Сиротка, хоть и мала, а своего не упустит: присосалась к вымени, бедняжка, за уши не оттащить. Овца вырывается, бьется, волочит меня по земле. А шерсть у нее в репьях, колется. Я все лицо себе исцарапал, пыли наглотался, сапог потерял. Но овцу не выпускаю: будь что будет, лишь бы Сиротка наелась.

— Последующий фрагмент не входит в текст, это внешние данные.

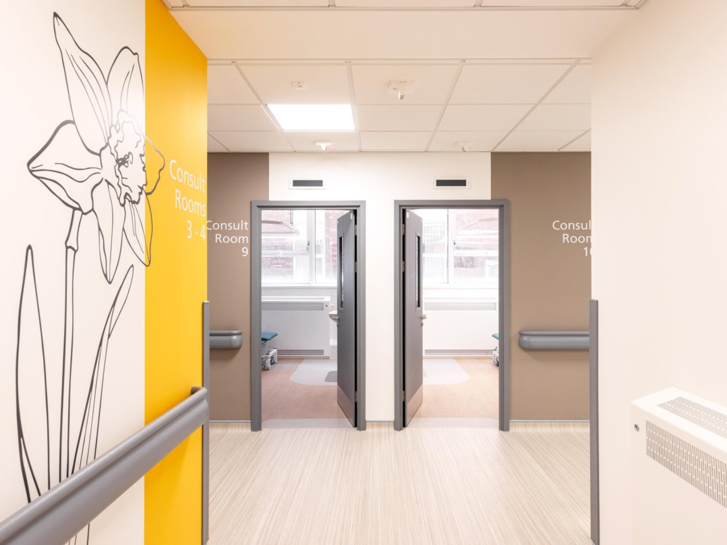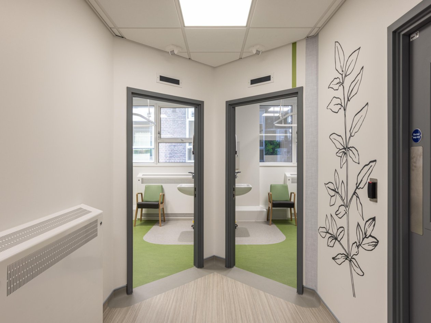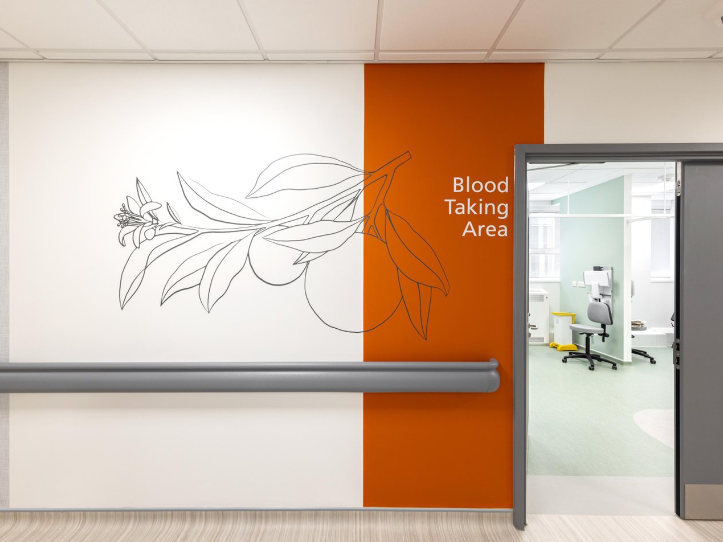 Located on the Ground Floor of an existing building on a dense hospital site, the space benefitted from windows on 3no. faces, but with restricted views and limited sunlight. The clinic rooms were designed to run down either side with an offset corridor, with waiting, offices and staff rest also making use of the natural light available. Natural light supports well-being of staff and visitors, but it was important to link the design to nature through the use of plant imagery, the use of colour and artwork.

Потом чувствую – руки занемели, а тут еще какая-то овца от испуга наткнулась на меня со всего разбегу, я упал, да головой о кормушку ударился. Овце-злодейке только того и надо: изловчилась, отпихнула Сиротку и как боднет!
Вот такие дела.
С тех пор еще сильнее Сиротка к нам привязалась. Куда мы с Буйнак, туда и она. И на Бургуттепе за нами карабкается, и в Тераклисай к Старому Тополю бежит. Было нас трое, стало четверо: Буйнак, я, Сиротка и Старый Тополь. Он стоит на холме над молодой тополиной рощицей, и нет вокруг дерева выше. Посмотришь издали – Старый Тополь похож на чабана с отарой овец. Мы любим посидеть в его тени, длинной и широкой, как дорога. А когда мы уходим, гордый Тополь шелестит нам вслед листьями, печально шелестит– прощается…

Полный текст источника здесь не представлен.